=== Begin Enclosure ===

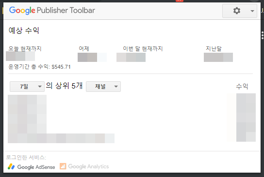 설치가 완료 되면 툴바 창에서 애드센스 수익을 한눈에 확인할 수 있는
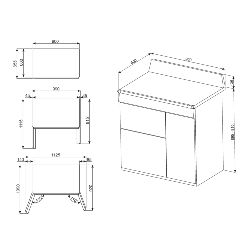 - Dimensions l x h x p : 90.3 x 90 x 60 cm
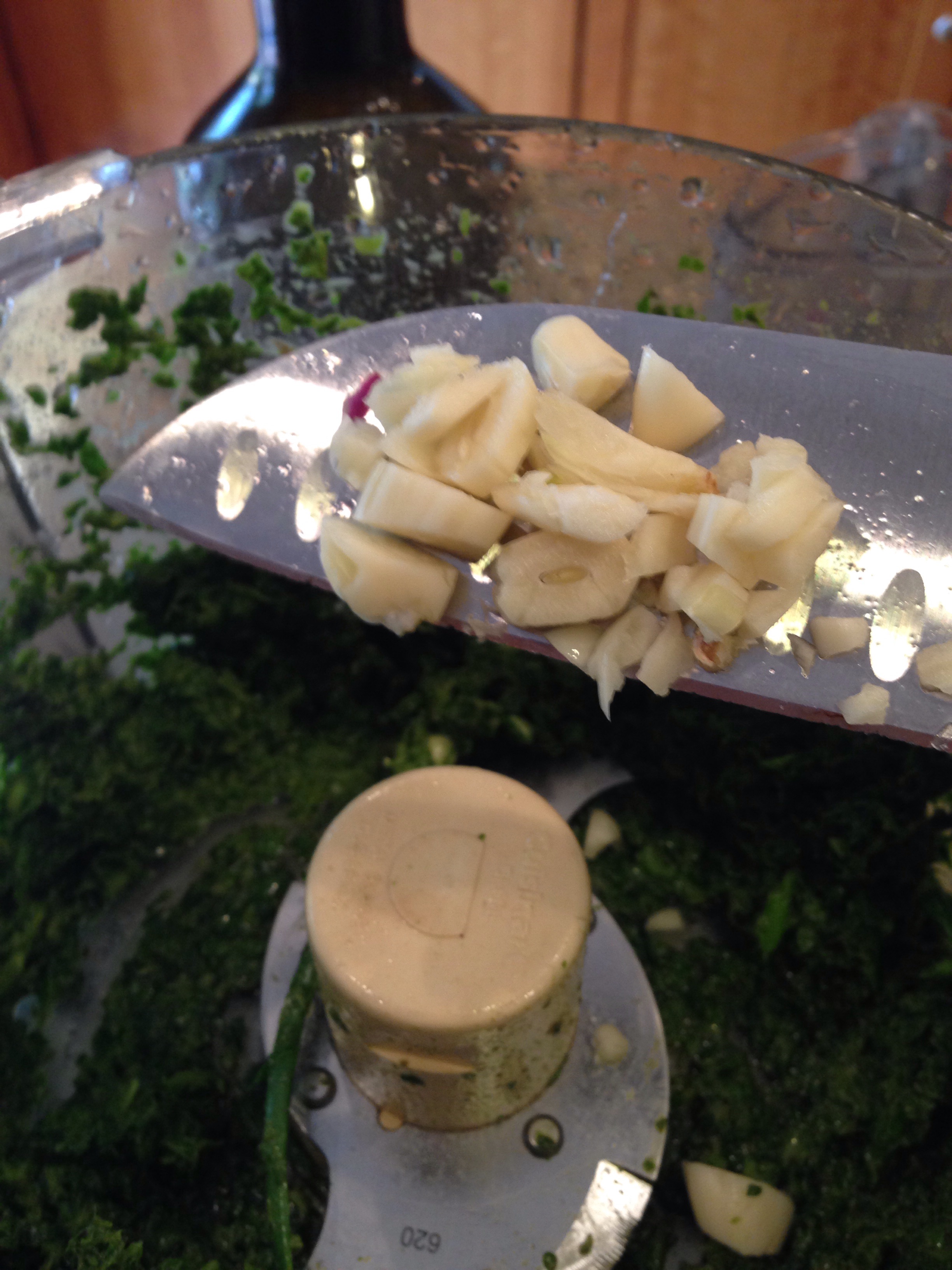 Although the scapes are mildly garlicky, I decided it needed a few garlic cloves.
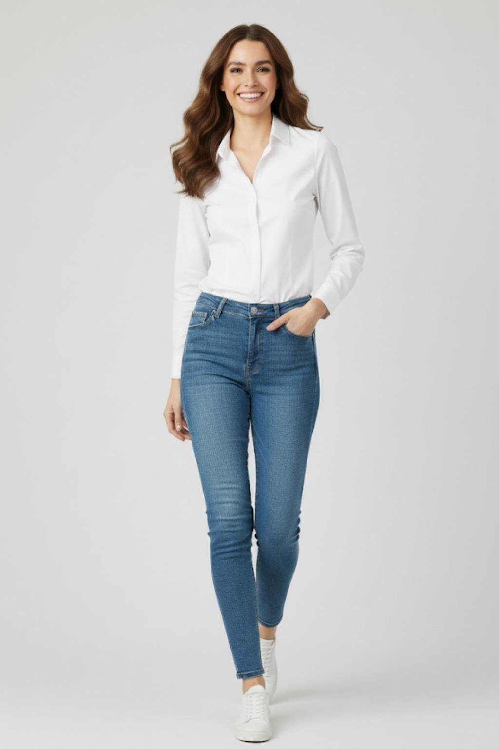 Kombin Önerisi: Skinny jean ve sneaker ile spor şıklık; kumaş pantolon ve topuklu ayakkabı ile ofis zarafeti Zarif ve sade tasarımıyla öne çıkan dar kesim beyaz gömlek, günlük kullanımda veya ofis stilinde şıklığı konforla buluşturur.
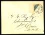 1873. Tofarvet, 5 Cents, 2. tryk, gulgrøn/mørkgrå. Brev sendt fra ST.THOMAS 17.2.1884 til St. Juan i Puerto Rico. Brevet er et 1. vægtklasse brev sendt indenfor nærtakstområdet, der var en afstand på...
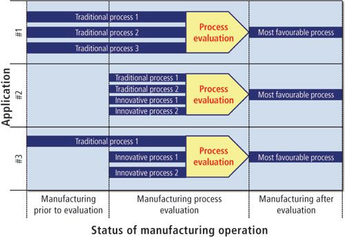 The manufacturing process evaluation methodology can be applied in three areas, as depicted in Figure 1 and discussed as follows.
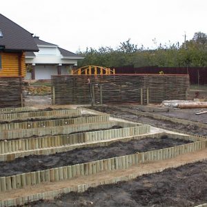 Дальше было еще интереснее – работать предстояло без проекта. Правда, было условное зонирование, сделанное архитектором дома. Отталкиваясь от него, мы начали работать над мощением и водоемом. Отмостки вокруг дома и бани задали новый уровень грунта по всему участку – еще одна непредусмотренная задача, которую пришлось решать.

=== End Enclosure ===
=== Begin Enclosure ===

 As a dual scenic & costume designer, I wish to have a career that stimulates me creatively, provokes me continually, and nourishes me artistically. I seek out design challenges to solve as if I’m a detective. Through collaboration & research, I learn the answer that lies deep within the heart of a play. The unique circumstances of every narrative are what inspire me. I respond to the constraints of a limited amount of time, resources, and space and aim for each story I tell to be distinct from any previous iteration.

=== End Enclosure ===
=== Begin Enclosure ===

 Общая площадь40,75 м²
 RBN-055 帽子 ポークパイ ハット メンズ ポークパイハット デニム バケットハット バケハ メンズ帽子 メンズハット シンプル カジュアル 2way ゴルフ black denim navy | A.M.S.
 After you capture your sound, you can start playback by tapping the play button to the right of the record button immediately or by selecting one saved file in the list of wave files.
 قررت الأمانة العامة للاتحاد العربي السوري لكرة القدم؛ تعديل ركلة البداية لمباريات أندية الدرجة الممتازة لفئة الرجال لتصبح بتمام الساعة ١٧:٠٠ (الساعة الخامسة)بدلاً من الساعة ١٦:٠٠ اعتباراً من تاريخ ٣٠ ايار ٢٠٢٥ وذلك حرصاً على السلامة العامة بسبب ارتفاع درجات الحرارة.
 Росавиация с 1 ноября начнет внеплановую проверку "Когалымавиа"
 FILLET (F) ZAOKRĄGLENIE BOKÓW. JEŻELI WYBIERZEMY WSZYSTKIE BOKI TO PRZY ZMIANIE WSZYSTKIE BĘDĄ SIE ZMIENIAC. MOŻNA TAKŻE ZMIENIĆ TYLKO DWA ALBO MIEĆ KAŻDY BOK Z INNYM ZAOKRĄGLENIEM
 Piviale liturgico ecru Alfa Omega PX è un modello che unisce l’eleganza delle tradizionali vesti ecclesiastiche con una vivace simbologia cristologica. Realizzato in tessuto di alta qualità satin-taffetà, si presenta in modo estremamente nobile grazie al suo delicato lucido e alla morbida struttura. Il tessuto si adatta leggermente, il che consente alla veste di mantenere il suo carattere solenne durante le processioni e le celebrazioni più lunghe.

=== End Enclosure ===

Precisely the lines between those holding "RBN-055 帽子 ポークパイ" and "After you capture", inclusive, are to be reproduced from the listing above, with nothing added.

 RBN-055 帽子 ポークパイ ハット メンズ ポークパイハット デニム バケットハット バケハ メンズ帽子 メンズハット シンプル カジュアル 2way ゴルフ black denim navy | A.M.S.
 After you capture your sound, you can start playback by tapping the play button to the right of the record button immediately or by selecting one saved file in the list of wave files.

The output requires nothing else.